Hybrid institutions for disinformation governance: Between imaginative and imaginary

Martin Fertmann, Research Program 2: "Regulatory Structures and the Emergence of Rules in Online Spaces", Leibniz-Institute for Media Research/Hans-Bredow-Institut, Hamburg, Germany, m.fertmann@leibniz-hbi.de
Bharath Ganesh, Media Studies, University of Groningen, Netherlands
Robert Gorwa, Berlin Social Science Center (WZB), Germany
Lisa-Maria Neudert, Oxford Internet Institute, University of Oxford, United Kingdom

PUBLISHED ON: 16 May 2022

This opinion piece is part of a miniseries advancing key reflections in disinformation governance. While bridging the gap between social science findings and policy proposals, the texts address some fundamental questions to foster future research agendas: (i) how should underlying conceptions, most notably notions of “truth”, support the increasing weight that states and companies dedicate to curbing disinformation? (ii) how can such an intricate empirical field inform potential governance solutions? and (iii) can these conceptual and empirical challenges profit from institutional innovation, as a way to reconfigure traditional power dynamics? This article discusses the potential of new institutions for disinformation governance. The other pieces focus on empirical evidence and conceptual challenges.

When it comes to disinformation, who should be the arbiter of the much contested idea of truth, if anyone: private platforms, state authorities, or some other institution? Some argue that state authority has proven ill-equipped to protect users from harm, given that only a fraction of online falsehoods are actually illegal under current legislation. Private platforms have in turn created complex rules moderating the various forms of harmful but legal content on their networks. However, their rule-making power is largely unchecked, and users and government actors alike have grown wary of the power companies wield over public discourse, as is evident in the many ongoing global conversations around ‘platform regulation’.

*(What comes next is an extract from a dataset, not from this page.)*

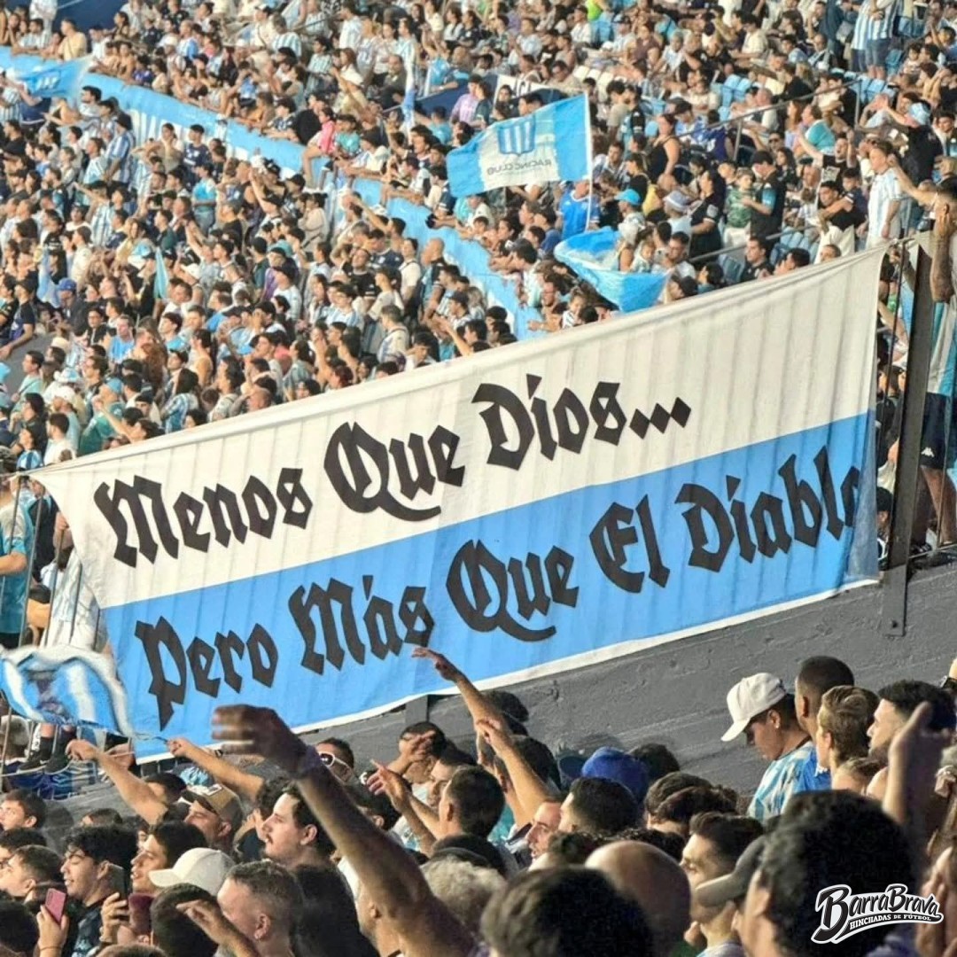 Trapos de la barra brava La Guardia Imperial y hinchada del club de fútbol Racing Club de Argentina

Given the oft-decentralized, polyarchic nature of platform governance, and the many interests and stakeholders involved, policy discussions around issues like disinformation frequently feature a hopeful discussion of potentially innovative regulatory approaches that could be marshaled to respond quickly and effectively to issues of platform governance. Whether through more classic co-regulation, or through the creation of informal industry-led self-regulatory organizations following government pressure, at their best, these efforts are built upon past experience from media law, telecommunications regulation, and corporate governance in other complex industries, like finance. At their worst, they are ‘shadow regulation’ or ‘jawboning’, a way for states to exert pressure on influential private gatekeepers and get them to act against perfectly legal content: out of sight and out of mind. What are some of the risks, benefits, and most important developments in this ‘hybrid governance’ landscape, both in the disinformation space, as well as in other areas of user-generated content moderation?

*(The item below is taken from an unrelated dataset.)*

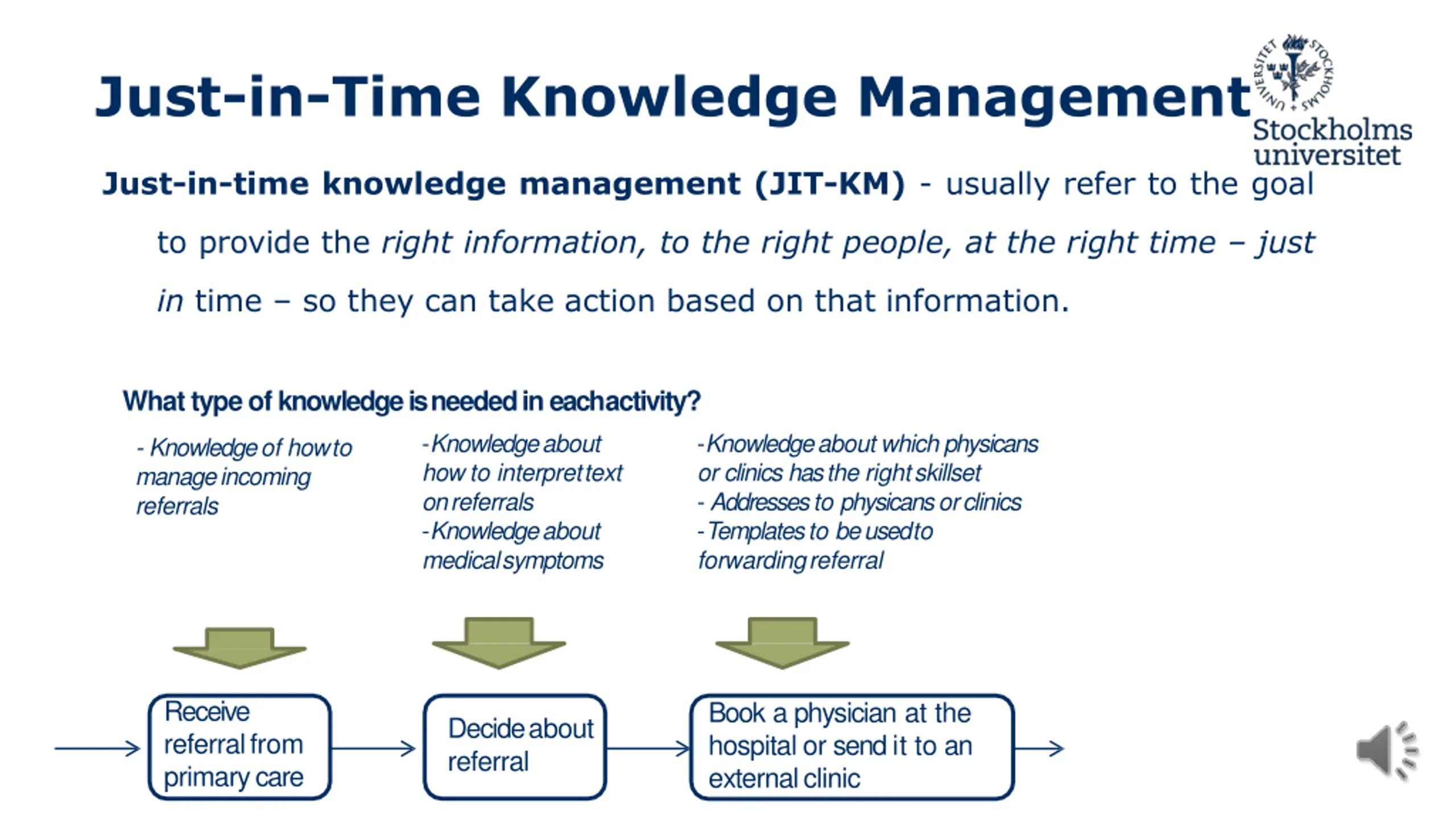Just-in-Time Knowledge Management Just-in-time knowledge management (JIT-KM) - usually refer to the goal to provide the right information, to the right people, at the right time just in time so they can take action based on that information. What type of knowledge is needed in eachactivity? -Knowledge about how to interprettext onreferrals -Knowledgeabout medicalsymptoms -Knowledge about which physicans or clinics has the rightskillset -Addresses to physicans orclinics -Templates to be usedto forwardingreferral - Knowledge of howto manage incoming referrals Receive referralfrom primarycare Book a physician at the hospital or sendit to an externalclinic Decideabout referral

The Turn to Informal and “Hybrid” Institutions for Platform Governance

For more than a decade, large platforms have established voluntary organizational arrangements to take over, or at least advise on, content decisions. While the roots of this can be found in the earliest efforts by the European Union to engage telecommunications providers and emerging internet companies in roundtables, declarations, and voluntary principles around issues like child safety (Livingstone et al., 2013), informal arrangements with some degree of civil society, government, and industry involvement have become an increasingly popular remedy across virtually all user-generated content domains. Examples reach from multi-stakeholder-dialogue formats for industry standard-setting, such as the Global Network Initiative (GNI) launched in 2008 (Samway, 2016), as well as a host of individual companies’ initiatives, such as Google’s “Advisory Council on the Right to be Forgotten” (back in 2014) regarding data protection and privacy.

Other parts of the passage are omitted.